Max was right, of course—Manuel was going to be furious. But she felt no guilt for separating him from his son. She had to think about what was best for Dominick—Max—had to guide and protect him so he wouldn’t grow up to be like his father or get involved in the family “business.”
“Daddy’s busy. He doesn’t even know.” She adjusted her mirror again, relieved to see that the Toyota had finally dropped back a little. A moment later, however, she realized why. A highway patrol car was coming up fast, in the other lane.
Vanessa—Emma…she was Emma—immediately eased off the gas, but it was too late. The red SUV passed by with scarcely a glance in her direction, while the patrolman came up behind her and flipped on his lights.
Damn it! What was she going to do now? Her first panicked impulse was to run. But she had Max in the car.
Turning on her blinker, she slowed and pulled off the Interstate onto the shoulder, and the patrolman did the same.
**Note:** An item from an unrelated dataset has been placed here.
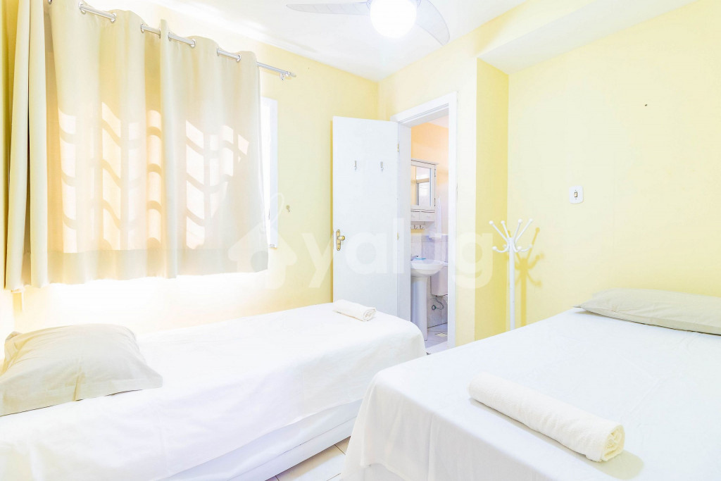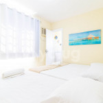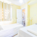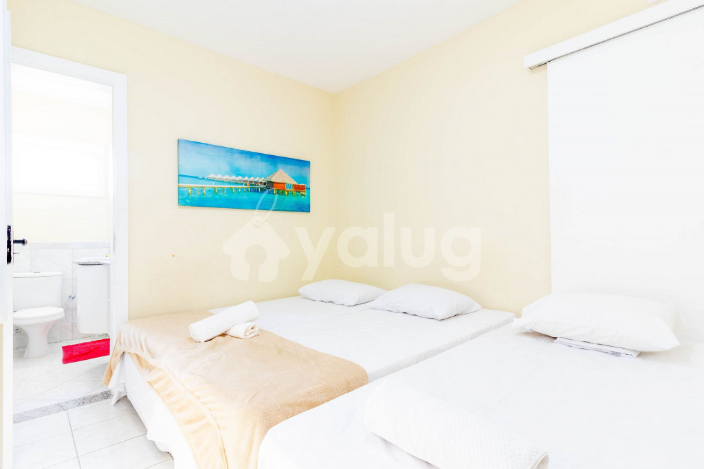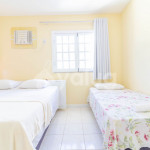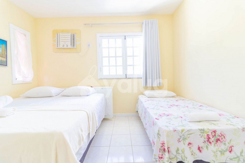 A composição dos quartos é da seguinte forma:Suíte 1 (Térreo): 2 camas solteiro, 1 colchão solteiro, ventilador e cortina blackout;Suíte 2 (Superior): 1 cama queen, tv, ar condicionado tipo splt, cortina blackout e armário;Suíte 3 (Superior): 2 camas solteiro, 1 bicama, tv, ar condicionado tipo janela e cortina blackout;Suíte 4 (Superior): 2 camas solteiro, 1 bicama, 1 colchão solteiro, ar condicionado tipo split e cortina blackout;

“Why are we stopping?” Max asked.
“Because we have to. There’s a policeman behind us.”
When the car was no longer moving, her son unlatched his seat belt and climbed up on his knees to stare through the back window. “What does he want?”
“I don’t know yet. Just don’t say anything while he’s here, okay?”
“Why not?”
“It’s all part of the game we’re playing. No matter what I say, you don’t talk.”
“How come?”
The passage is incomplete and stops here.